Task                                   Status
Film Stock & Camera locked            ✅
Lab & Scan pipeline identified        ✅
Shipping schedule mapped              ✅
HD dailies & editorial pipeline       ✅
BigFoot scanning rate understood      ✅
Picture lock timeline set?            ⬜
Data infrastructure in place?         ⬜
Backup strategy?                      ⬜
Post production color booked?         ⬜

🎥 Updated Workflow for Club Suicide

🔁 Live Workflow
Shoot 65mm → Ship raw negative daily → Fotokem (LA)
No processing/dailies in NYC — all happens in LA
Kodak lab in LA handles processing
Fotokem handles scanning (HD dailies + final 8K BigFoot scan)

📦 Shipping & Turnaround
Assuming FedEx First Overnight or similar priority service:
Monday shoot → FedEx drop late Monday
Arrives at Fotokem Tuesday morning
Processed + HD scan turnaround:
Processing (same day): ✅
HD scan (1–2 days later): ✅

So for a Monday shoot, you likely have HD dailies by Wednesday night, as you originally stated — that’s spot on.

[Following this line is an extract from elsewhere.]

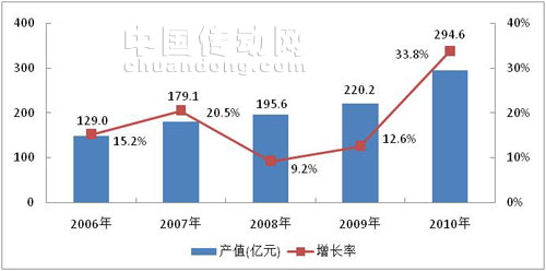 自國(guó)家半導(dǎo)體照明工程實(shí)施以來(lái),中國(guó)LED產(chǎn)業(yè)取得了長(zhǎng)足的發(fā)展。2008年,全球金融危機(jī)導(dǎo)致下游市場(chǎng)需求疲軟,在一定程度上減緩了中國(guó)LED產(chǎn)業(yè)的發(fā)展速度。進(jìn)入2009年,隨著國(guó)家不斷出臺(tái)相關(guān)扶持政策,中國(guó)LED產(chǎn)業(yè)增速企穩(wěn)回升。2010年,在LED全彩顯示、LED背光源、LED照明等下游應(yīng)用高速發(fā)展的拉動(dòng)下,包括襯底、外延、芯片、封裝在內(nèi)的中國(guó)LED產(chǎn)業(yè)規(guī)模高速增長(zhǎng)到294.6億元,比2009年大幅增長(zhǎng)33.8%。2006-2010年,中國(guó)LED產(chǎn)業(yè)年均復(fù)合增長(zhǎng)率達(dá)到18.7%。

🧠 Let’s Re-Confirm the Scanning Pipeline

🖥️ Step 1: HD Scans for Editorial
Used for dailies, rough cuts, editorial, preview screenings
Fast scanners (Spirit, Scanity, DFT Polar, etc.)
Delivered as ProRes 4444 or DNxHR HQX, depending on your setup
Editorial progresses in parallel to principal photography

🔁 Step 2: Final 8K Scan via BigFoot
After picture lock, only used frames are scanned in 8K
BigFoot scan rate: ~2 minutes/day (confirmed)
Produces 100MB/frame raw scans (~EXR or DPX)

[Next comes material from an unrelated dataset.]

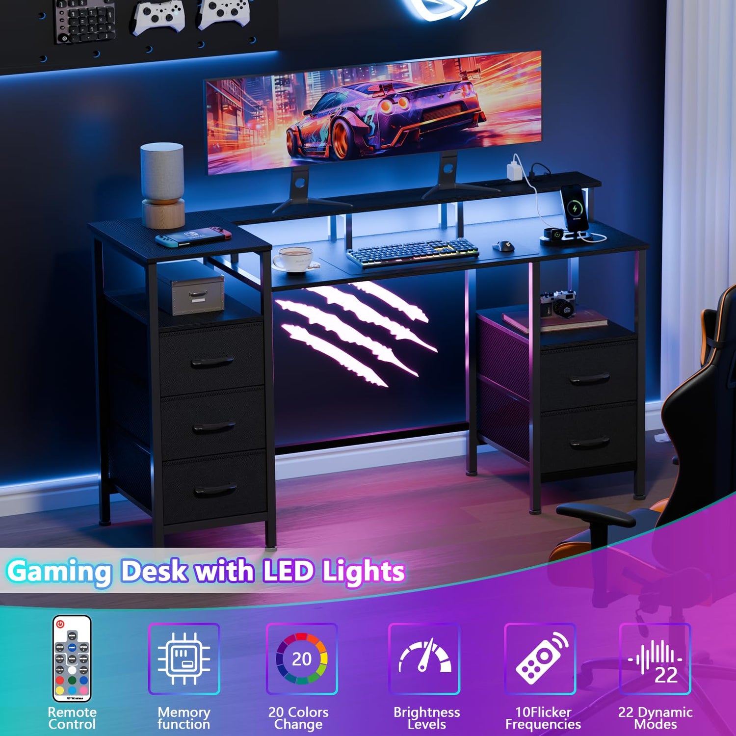 - Table with LED Lights: Gaming table with built-in RGB LED light strips to adjust the atmosphere for a better gaming experience. You can choose different modes and colours to decorate the room according to different use scenarios work or games.

At 170 minutes (2h50m runtime):
You’ll need about 85 days of scanning time if it's continuous

🧮 Data & Time Planning (Again, with Current Workflow)

1. Storage Needs (Final 8K Scan Only)
170 minutes × 24 fps = 244,800 frames
244,800 × 100MB = 24.48 TB

So you’ll need:
~25 TB for final raw 8K scans
+10–15 TB buffer for grading, conforms, VFX pulls
Total: 40 TB recommended post storage

⏱️ Timeline Sketch (Assuming Shooting Starts Monday)

Day         Action
Monday      Shoot Day 1
Tuesday     Film arrives at Fotokem LA (AM)
Tuesday PM  Processing begins
Wednesday   HD scanning for dailies
Wednesday PM Editorial team receives dailies
Throughout shoot Repeat daily
Post-Shoot  Offline edit + picture lock (~6–12 weeks)
Post-lock   Begin 8K BigFoot scans (85-day cycle)
After scans Color grade, VFX conform, mastering

⚠️ Scanning all 170 minutes with  BigFoot, we're looking at nearly 3 months of scanning time after picture lock.
100mb/picture, ~2mins per 24hrs scan lenght

📍 Technical Storage & Post-Production Setup

💾 Storage Strategy Deep Dive

- Estimated data size: ~50 TB total for 8K scans, editorial proxies, grading files, and VFX pulls.
- Storage configuration:
  • Recommended RAID-6 for fault tolerance and data integrity during heavy read/write operations.
  • High-performance SSD cache layer to enable smooth 8K playback and real-time editing.
- Backup Plan:
  • LTO-9 tape backup system for long-term archival and disaster recovery.
  • Cloud mirror backup as secondary offsite redundancy (consider AWS Glacier or similar).
- File Formats:
  • 8K scans stored primarily in EXR format for optimal dynamic range and color grading flexibility.
  • DPX as a secondary archival format if needed for compatibility with certain post workflows.

🖥️ Editing & Color Grading Setup

- Workstation:
  • High-end editing computer equipped with multiple GPUs (NVIDIA RTX 6000 or similar), 256GB+ RAM, and fast NVMe storage.
  • Connected to the RAID storage via 10GbE or faster network for smooth media access.
- Color Grading:
  • DaVinci Resolve Studio for scene-referred grading using 8K EXR files.
  • Dedicated grading suite with calibrated HDR reference monitors.

🎵 Music & Sound

- Music production led by VA (Virtual Artist) album already compiled.
- Planning to hire Thomas Newman as composer for original score.
- Integration of music and sound design planned concurrently with final picture lock to allow early spotting sessions.